New Job
Tawny
My routine was fairly simple for most of my life. It was always get up in the morning, say goodbye to Mother, go to school, spend all day at school, come home, and Father didn't come home until late. Weekends were similar; I just went out and played for a while, and Father was actually home.
Then one day, almost right after my twentieth birthday, I came home from a failed job interview and Father was home. "Father, what's happened?"
His voice was sad. "I got laid off."
For a long moment, all I could do was stare. Then I asked, "What are you going to do?"
"I don't know."
He looked so sad…so hopeless…so – was he even trying to plan what he was going to do next?!
Suddenly, I sniffed the air. And I figured I knew why he'd been laid off, and why he wasn't going to try to plan out a new job.
See, Father had a slight drinking problem. At least, it had been slight when I was a teenager. Now, it had clearly gotten severe enough to where it affected his performance at work. And that, was enough that it was noticed.
Suddenly, I realized that Mother had no experience with working, so it had to be me supporting the family somehow.
Of all the jobs I'd tried to get, none of them so far appealed to me. And now, whatever job I got had to be enough to pay my family's bills, where before I'd just been looking for spending money. I didn't have enough experience to get well-paying jobs that didn't involve something…personally unpleasant.
Well…there was one job I could try for, though it required getting a license and the process for getting that license was difficult. I'd joked about it once to Mother when I'd heard of it, and she'd scolded that it was too dangerous. Now, though, I rethought the job.
Let's see…an irregular job in that I can work when I want to and when there's something to do, and it pays extremely well. I think I'll take the job anyway. And I don't think I'll tell Mother or Father. Mother would freak and Father…would tear me apart for being a success on a good day. On a bad day, he might just hit me.
So I went out again, calling back that I had one more job application to try for.

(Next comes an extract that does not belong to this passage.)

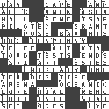 ACROSS 1. 24 hours 4. Stare wonderingly 8. Electrical Unit 11. Actor Baldwin 13. Afresh 14. Toward the sea 15. Promenade 16. French philosopher Descartes 17. Austrian river, tributary to the Danube 18. Manned the helm 21. Monetary aid 22. Airs 23. Sound made by sheep 25. Mountains (abbr.) 26. The grampus (Milton) 29. 3-inch nail 32. Giggle 34. Keyboard modifier key 35. By way of 38. Frog relative 39. Trials 41. Conclusions 43. Indian title of respect (Mr.) 44. Tate display 45. _____ Park, CO 46. Plea 50. Single 51. Beverage made from leaves 54. Twice 55. Become fatigued 57. Sports stadium 59. Pertaining to the sea 63. Old wives' tales, e.g. 64. Monetary unit of Yemen 67. San ____ (Riviera town) 68. Prepare for publication 69. International (abbr.) 70. Narrow board 71. Perceive with the eye 72. Lyric poems 73. Potassium hydroxide DOWN 1. Moist 2. Mountain range southwest of Kyrgyzstan 3. Shout 4. Place where plants grow 5. A saturated hydrocarbon 6. Fenced enclosure 7. She-sheep 8. Indian state 9. Intended 10. Pieces 12. Hoof sound 14. Wind 19. Haul 20. Compass dir. 21. Separate the seeds from cotton 23. Waist strap 24. Pismires 26. Baseball player Mel 27. Vintage cars 28. Burn to charcoal 30. Thick mixture 31. Jacques Cousteau's middle name 33. Singer Brickell 36. To the inside or interior of 37. An important port of Yemen 39. Jacques of French films 40. Blunders 42. Compass dir. 45. Jane of fiction 47. Basketball assoc. 48. Ringlike coral islands and reefs 49. Nervous spasm 51. Stories 52. Wear away 53. Nest on high 56. Hearing organs 58. Fish or hair follower 60. 1994 drama film starring Jodie Foster 61. "If ____ say so..." 62. ____ d'Azur (French Riviera) 64. _ de Janeiro 65. Indiana (abbr.) 66. Had dinner

Okay, okay, I kind of fudged my age a little when I went in for the test. It was just as difficult as I figured it would be, but I passed.
"Um…one thing I'd like to request?" I asked as I was standing to get a picture taken for my Sweeper's license.
"What is it?" the man at least decided to listen.
"Don't put my name on the license. If someone found out I was doing this, I'd end up worse than dead."
He cocked an eyebrow at me with a smirk. "And what do you want to call yourself?"
I didn't have to think long. "The Cat o' Nine Tails."
He entered that and then cracked, adjusting the camera, "Smile!"
A few days later, I got my license. By then, I'd finished sewing up my Sweeper costumes. I might as well not have anyone recognize me.
I didn't go as crazy as I could have with them, considering what I'd initially had in mind were cat costumes. I had a whole collection of Maneki Neko figurines on my dresser, and I'd figured I'd do that for my look.
All six of them were skin-tight, and all of them had matching gloves with claws on the fingertips, but they were differently-colored: I had made one white, one black, one red, one yellow, one pink and one lucky tri-color. After all, white represents purity, black wards off evil, and gold brings in money. Red and pink can combat illness or bring love, but they're also said to, in the Maneki Neko, have supernatural powers. If that happens to me during my missions, all well and good – I'll beat the bad guy that much faster.
I'd also braided a whip for myself. It was definitely a "cat o' nine tails," though its handle was longer than a typical such device. I was planning on carrying it, when I wasn't using it, by knotting the handle end around my waist and letting the nine-strand end hang down behind me like a cat's tail. I'd given my whip "claws" as well, so that I could have a decent distance weapon as well as my clawed gloves for close combat.
Now, as long as I didn't get caught with this stuff…
I packed up all the costumes and the whip into a suitcase and took it outside, finding my special hiding place in a tree several blocks down. Hiding it up there, securely tying it so it wouldn't fall, I slipped back down.
My Sweeper's license went into my pocket. I wasn't going to just leave that with my suitcase.
Well, I wanted my life as a twenty-year-old to be more interesting.
A/N: I'm purely fudging the testing process for becoming a Sweeper. I know there is one, but I remember no details and I couldn't find the information again.